I don't know how to put this in standard form:
f(x)=x^2-2x-15
I tried (x^2-2x+-x^2)-25-x^2, but x^2 doesn't factor into anything so I can't fully put it into standard form. can you show me how, plus how to find the x intercepts and y intercepts?
f(x)=(x-1)^2 -16
and of course, that is a difference of two squares...
To put a quadratic function in standard form, you'll need to rearrange it so that it is written as a trinomial in descending order of the exponents.
In this case, the given quadratic function is f(x) = x^2 - 2x - 15.
To put it in standard form, you'll start by rearranging the terms in descending order of exponents:
f(x) = x^2 - 2x - 15
Standard form: f(x) = ax^2 + bx + c, where a, b, and c are constants.
Comparing it to the standard form, we can identify a = 1, b = -2, and c = -15.
So, the standard form of the given quadratic function f(x) = x^2 - 2x - 15 is f(x) = 1x^2 - 2x - 15.
To find the x-intercepts of a quadratic function, you need to set f(x) equal to zero and solve for x:
1x^2 - 2x - 15 = 0
To factor or solve the equation, you can use various methods like factoring, quadratic formula, or completing the square.

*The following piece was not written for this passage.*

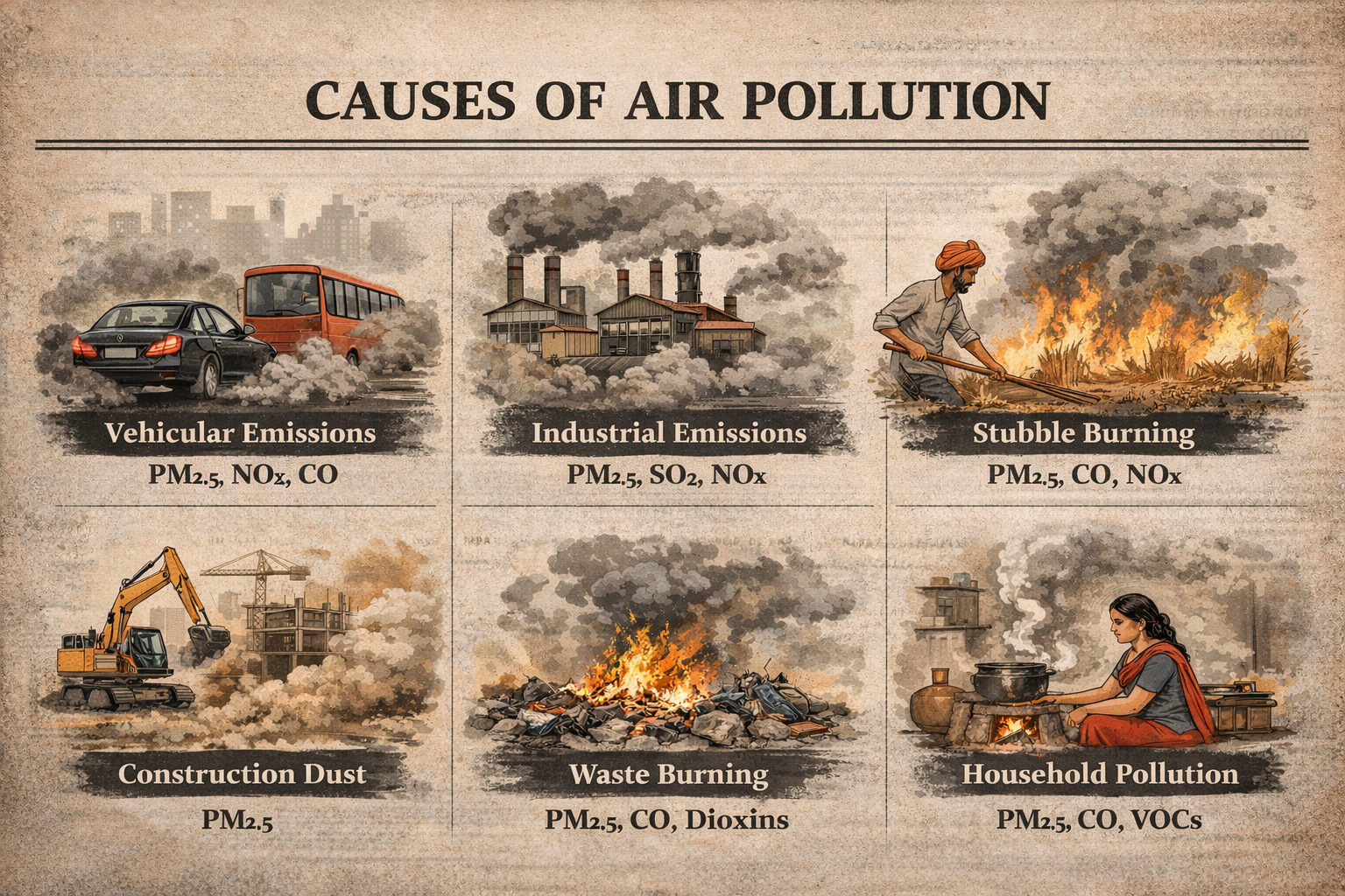 प्रिलिम्स के लिये: वायु प्रदूषण, राष्ट्रीय स्वच्छ वायु कार्यक्रम (NCAP), ग्रेडेड रिस्पॉन्स एक्शन प्लान (GRAP), वायु गुणवत्ता सूचकांक (AQI), औद्योगिक उत्सर्जन, वाहन उत्सर्जन

In this case, factoring is the most straightforward approach.
(x - 5)(x + 3) = 0
Setting each factor equal to zero:
x - 5 = 0 => x = 5
x + 3 = 0 => x = -3
Thus, the x-intercepts are x = 5 and x = -3.
To find the y-intercept, you need to evaluate the function when x is zero (f(0)):
f(0) = 1(0)^2 - 2(0) - 15
f(0) = -15
Therefore, the y-intercept is y = -15.